== Segment start ==

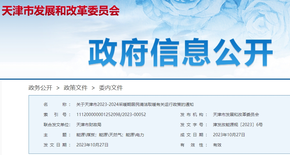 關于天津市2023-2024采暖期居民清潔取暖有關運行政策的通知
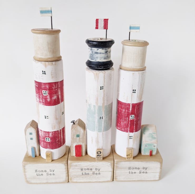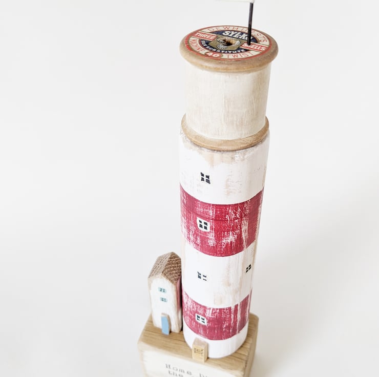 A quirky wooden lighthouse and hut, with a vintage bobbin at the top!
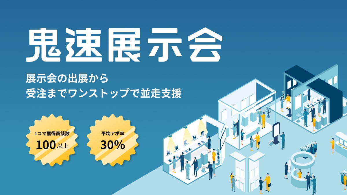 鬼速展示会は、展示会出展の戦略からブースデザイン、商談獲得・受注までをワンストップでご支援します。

== Segment end ==
== Segment start ==

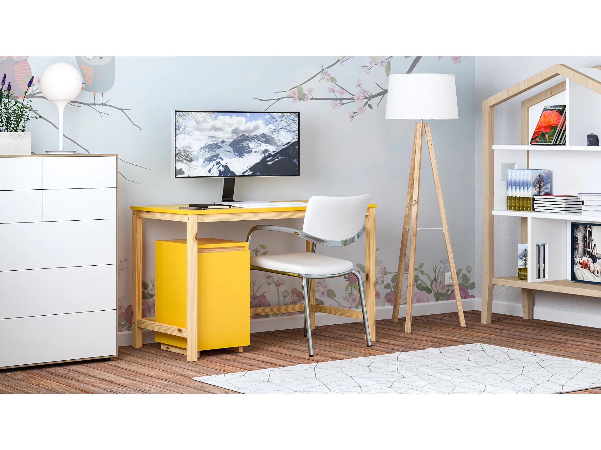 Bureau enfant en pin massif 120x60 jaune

== Segment end ==

INSTRUCTIONS FOR THE TASK → Look above for the line containing "關于天津市2023-2024采暖期居民清潔取暖有關運行政策的通知", then copy exactly from it through the line containing "鬼速展示会は、展示会出展の戦", keeping both and leaving out pictures. Add nothing else.

PROBLEM SOLUTION →
 關于天津市2023-2024采暖期居民清潔取暖有關運行政策的通知
 A quirky wooden lighthouse and hut, with a vintage bobbin at the top!
 鬼速展示会は、展示会出展の戦略からブースデザイン、商談獲得・受注までをワンストップでご支援します。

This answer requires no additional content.